Erdheim-Chester disease

Case contributed by Michael P Hartung
Diagnosis certain

Presentation

Abdominal discomfort.

Patient Data

Age: 75 years
Gender: Female
ct

Thickening and enhancement of the right atrial wall (partially seen). 

Soft tissue thickening of the descending thoracic and abdominal aorta. 

Near occlusion/occlusion of the SMA with circumferential soft tissue thickening. 

Left perinephric soft tissue thickening with infiltrative, enhancing tissue in the renal hilum, resulting in mild/moderate hydronephrosis. 

Similar infiltrative soft tissue in the right renal hilum without obstruction. 

Left tibia radiograph

x-ray

No sclerotic lesions are detectable on radiograph. 

Whole body bone scan

Nuclear medicine

Whole body bone scan shows uptake in the left > right tibia. 

PET/CT whole body

Abnormal FDG uptake in the following locations:

  • Right atrium (rind of thickening/uptake)
  • Descending thoracic aorta (note thickening on CT images)
  • Renal hilar activity better appreciated on CT as it overlaps with normal excretion of radiotracer
  • Left greater than right tibial shaft (medullary cavity)

CT-guided biopsy

ct

Planning images from CT-guided left tibial biopsy shows faint areas of sclerosis within the medullary cavity corresponding to increased PET/CT and bone scan uptake. 

Left tibial biopsy pathology report:

  • Bone marrow with fibrosis, remodeling and focal xanthomatous-appearing histolytic infiltrate
  • Immunohistochemical stains + for CD 68, - for CD1a
  • BRAF600 mutation negative

Case Discussion

Biopsy-proven case of Erdheim-Chester disease (ECD).

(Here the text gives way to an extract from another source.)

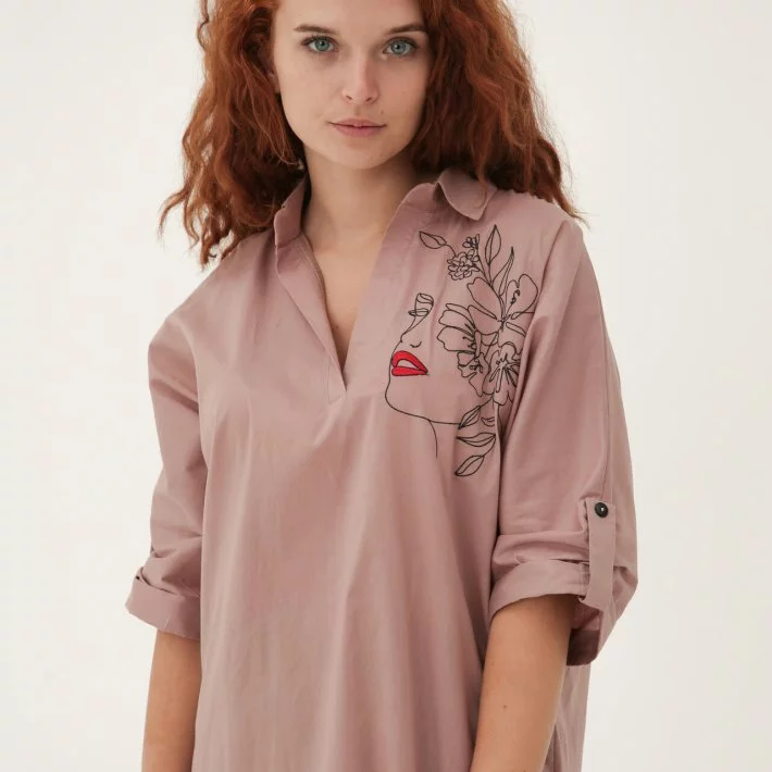 Сорочка-туніка оверсайз крою, декорована попереду вишивкою. При

ECD is a non-Langerhan-cell histiocytosis of unclear etiology. It is characterized by abnormal proinflammatory cytokine response resulting in systemic proliferation and infiltration of histiocytes, and can involve any organ system. Bone pain most common presentation. Diagnosis made on the basis of imaging features and the presence of foamy histiocytes (CD68+ and CD1a-).

The major presenting feature on this case was the perirenal and renal hilar soft tissue infiltration. The differential for that finding alone includes:

  • Erdheim-Chester disease ("hairy kidney")
  • lymphoma/lymphoproliferative
  • igG4-related sclerosing disease
  • retroperiteonal fibrosis
  • plasmacytoma
  • extramedullary hematopoesis
  • amyloidosis

However, taking into account the additional findings of right atrial soft tissue thickening (only partially seen on the first few images, but a common feature of ECD), coating of the aorta/SMA, and absence of findings typical of the other diagnoses (e.g. no adenopathy for lymphoma, no auto-immune pancreatitis for igG4, RPF usually starts at the aortic bifurcation and ascends, no history of multiple myeloma, no hepatosplenomegaly for EMH or amyloidosis), ECD is the leading diagnosis. 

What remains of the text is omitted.